Not very impressed by the engine on this it runs alot rougher than the BS and Tecumseh engines i had on previous blowers. They always started on the first or second pull. 
This one needs 4-5-6 attempts before it fires. it backfires when i adjust the throttle.
Are these engines some cheap china brand? Can't seem to find any branding on the engine at all.


----------



## oneboltshort (Dec 16, 2019)

Ariens AX are LCT engines. They are not cheap unless you catch a good sale on one of the discount engine supplier sites. They are no different than all the Honda clone engines out there now coming from overseas. Backfiring and hard starting are usually a result of poor maintenance somewhere along the line, or if it's the EFI version the battery or module.
If you look around the bottom of the block near the right mount you should see the actual LCT etched model number "PW" something (about 20 characters).


----------



## paulm12 (May 22, 2015)

As has been discussed alot on other threads, most engines are now made overseas, and the quality is probably all pretty good. I am guessing that Ariens engines are very good. Newer engines are all set to run lean as possible to minimize emissions, so the fuel systems have to stay very clean. Make sure you have fresh gas, and the carb is clean. What have you checked out on the engine so far?

tx


----------



## Rune Karlsen (Mar 4, 2018)

I bought it from the dealer with 2 hours of use and haven't done anything to it since it's under warranty. 
it's not fuel injection on this. For now its parked. I will consider turning it in to the dealer for a carb adjustment before the next winter.


----------



## paulm12 (May 22, 2015)

Yeah, if its that new and under warranty, is best to have them look at it. 

tx


----------



## ST1100A (Feb 7, 2015)

That is a Chinese motor and the LCT are not as good as they want everyone to think.
LCT took over Tecumseh, which were not the greatest engines to begin with.
Check your valve clearance on it, they are known for getting tight in a short amount of running time.
They are made by a company that also makes a lot of the Clone engines, as all of the companies in China do, and there are many other companies that copy or clone, and there are no Copyright laws in China, so anything is "Fair Game" to them to copy, except the quality is much poorer than the companies who they "Clone" them from, and most parts do not fit right if you try to mix them from an original to a clone.
Their manufacturing tolerances are not good and the quality of materials they are made from are very poor.
The LCT engines have been known for EFI problems, they are still new with the EFI systems yet and have not perfected it yet.


----------



## Oneacer (Jan 3, 2011)

If that machine is under warranty … Do Not mess with it, and bring it back to the dealer and let them sort it out … a no brainer.


----------



## dman2 (Sep 22, 2019)

At least they are cheap and powerful and that is what I liked. The chance of one going bad is low, as long as you maintenance them right. Even with Honda, you still get lemon here and there. You break one, no problem. Replacement is cheap. The 414cc snow-king engine is going for like $250 on Ebay.

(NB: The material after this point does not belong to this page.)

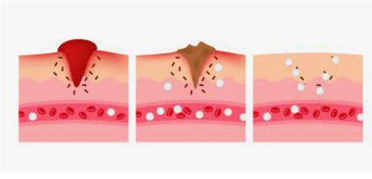Hojení akutních ran probíhá v několika fázích, které na sebe navazují a překrývají se. Fáze první, exsudativní, začíná hned ve chvíli poranění. Rána se začne čistit, spustí se kaskáda pro zastavení krvácení. Poté proces přechází do proliferační fáze, kdy pozorujeme růst nové tkáně a nových cév.

I'm still on the ancient Tecumseh 318cc flathead. I worry more about other things that might break. I went with Ariens to eliminate some of that problems.


----------



## Town (Jan 31, 2015)

Rune Karlsen said:


> Bought a slightly used 2019 model after Christmas.
> Not very impressed by the engine on this it runs alot rougher than the BS and Tecumseh engines i had on previous blowers. They always started on the first or second pull.
> This one needs 4-5-6 attempts before it fires. it backfires when i adjust the throttle.
> Are these engines some cheap china brand? Can't seem to find any branding on the engine at all.

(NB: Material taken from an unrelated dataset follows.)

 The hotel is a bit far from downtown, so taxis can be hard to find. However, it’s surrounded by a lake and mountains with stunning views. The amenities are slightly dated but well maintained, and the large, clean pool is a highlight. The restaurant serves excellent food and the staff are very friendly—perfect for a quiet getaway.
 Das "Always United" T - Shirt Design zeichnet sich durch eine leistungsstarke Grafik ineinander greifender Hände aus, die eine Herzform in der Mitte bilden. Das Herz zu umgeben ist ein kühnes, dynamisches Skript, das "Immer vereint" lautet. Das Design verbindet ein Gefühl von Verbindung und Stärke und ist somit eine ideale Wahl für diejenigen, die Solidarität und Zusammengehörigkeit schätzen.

Your experience does not seem typical of the Ariens AX engine made by LCT. My 414 cc AX engine is smooth through the operating range and starts first pull even in the coldest temperatures. A former neighbour had the 254 cc LCT engine in a Husqvarna 27" blower that I tried out. It also was very smooth and started first pull every time I saw him use it. Lots of power for his needs. I have not heard of any problems with the LCT engine and my dealer is very pleased with their reliability over the years of use. The stock spark plug is a Torch that some people have criticised in other engines so swapped mine out for NGK after the first year. 

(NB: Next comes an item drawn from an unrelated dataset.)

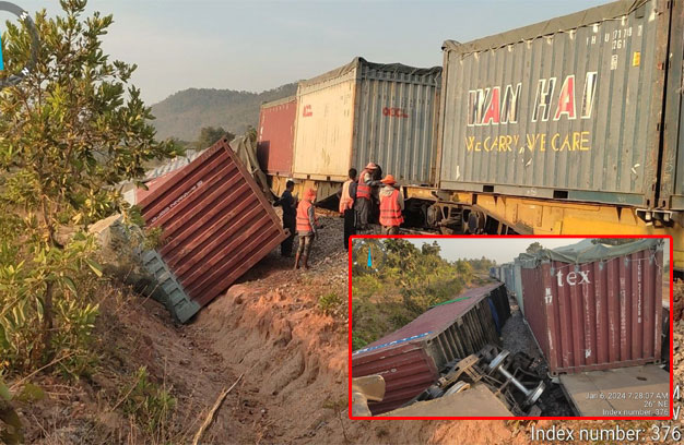 ប្រភពដដែល បន្តថា រថភ្លើង ១ខ្សែខាងលើនេះ ដឹកទូកុងតឺទ័រ ចំនួន២៣កុងតឺន័រ ហើយបានដាច់ទូកុងតឺន័រទី១០ បណ្តាលឱ្យទូកុងតឺន័រចំនួន ៤ទូ ធ្លាក់ចេញពីរថភ្លើង និងកំពប់ស្រូវនិងអង្ករសម្រូប។

I checked the valve clearances this winter and they are stock settings, no changes required in 6 seasons of hard and long use. The LCT makes a good engine so your particular engine needs to be checked out by your dealer as others have said. I have a few Tecumseh engines and B&S engines and they all run smooth too and last a long time.


----------



## Town (Jan 31, 2015)

oneboltshort said:


> Ariens AX are LCT engines. They are not cheap unless you catch a good sale on one of the discount engine supplier sites. They are no different than all the Honda clone engines out there now coming from overseas. Backfiring and hard starting are usually a result of poor maintenance somewhere along the line, or if it's the EFI version the battery or module.
> If you look around the bottom of the block near the right mount you should see the actual LCT etched model number "PW" something (about 20 characters).


I thought Honda Clone engines were made to a Honda design. Why do you think an LCT engine is a Honda Clone? I believe the LCT engine is a new design that is not based on the Tecumseh design or any other engine design. I think it is unique. 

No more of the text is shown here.